JUMPING DARKNESS PARADE: EYAL ON THE IMPORTANCE OF THE LISTENER TO THE CONCEPT OF A “CLASSIC ALBUM”
In my last blog I talked about selling out and what I really think it means. For those of you who don’t feel like reading last week’s rant, I’ll say it again: I think it means changing your sound in an unnatural direction in order to make more money. A bunch of you had opinions on this matter. I appreciated your comments. Very well thought out, and honestly a lot less mindless trashing than I was expecting.
Sometimes I write a blog and the comments are the only response I get. Sometimes I get e-mails and text messages for days with people sharing their thoughts on something I write. Well, this was one of those blogs.

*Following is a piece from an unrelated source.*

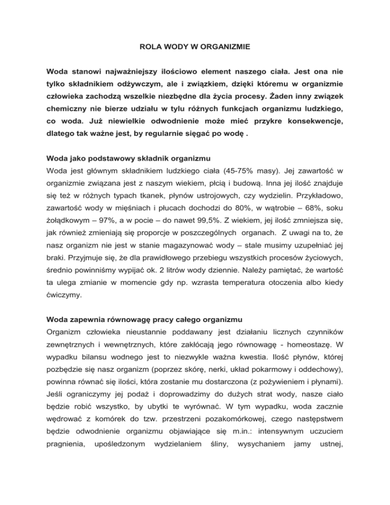 ROLA WODY W ORGANIZMIE Woda stanowi

Who would’ve thought that a blog about selling out would get people from the metal community to share their thoughts?
Anyways, I talked about how a great record is a moment in time for the team working on it, and it can never be recreated. A friend of mine brought up the point that a great album is also a place in time for the audience receiving it.
Now, for me that was hard to grasp because I’m on the creation side of things. What does the audience have to do with it? They’re not in the studio. They’re not the ones writing the songs. In fact, this is metal, what the fuck does anyone’s opinion really matter? Well… I thought about it a little more and came to this. At the end of the day, this is all subjective. Right? So there’s no such thing as a great, and therefore no such thing as a terrible, album. It’s all a matter of taste. If we’re going to call something a great album in a definitive sense then, really, all we can go on is majority opinion. If enough people agree something is a classic, then it has to be. An album can’t become a classic without a general consensus which decrees it that. Shitty as this may sound, it’s the truth. The value of art is subjective. It’s all based on the opinion of the viewer, listener, whatever.
And furthermore, if an album hasn’t been heard and judged by enough people, how can it attain the status of a classic? If someone says, “This album is great to me,” well, that’s a different story. Or is it? Enough people say that something is great to them, and then suddenly you have a classic on your hands.
So you see, I could keep on going in circles, but I’m not going to. I’m sure you get my point which is that, yes, you and a lot of other people may love a record, and it may be really tempting to affirm and validate your opinion by declaring it something unshakable and then get the nod from some like-minded peeps. ITS GREAT!!!! IT’S A CLASSIC!!!! IT’S A LANDMARK FOR THE GENRE!!! Etc. Ad nauseam. But what happens when you disagree with the majority whole-heartedly? What if you think an album is great that the majority doesn’t think is great? Then what. Is it not great? Is your opinion false? What do you guys think?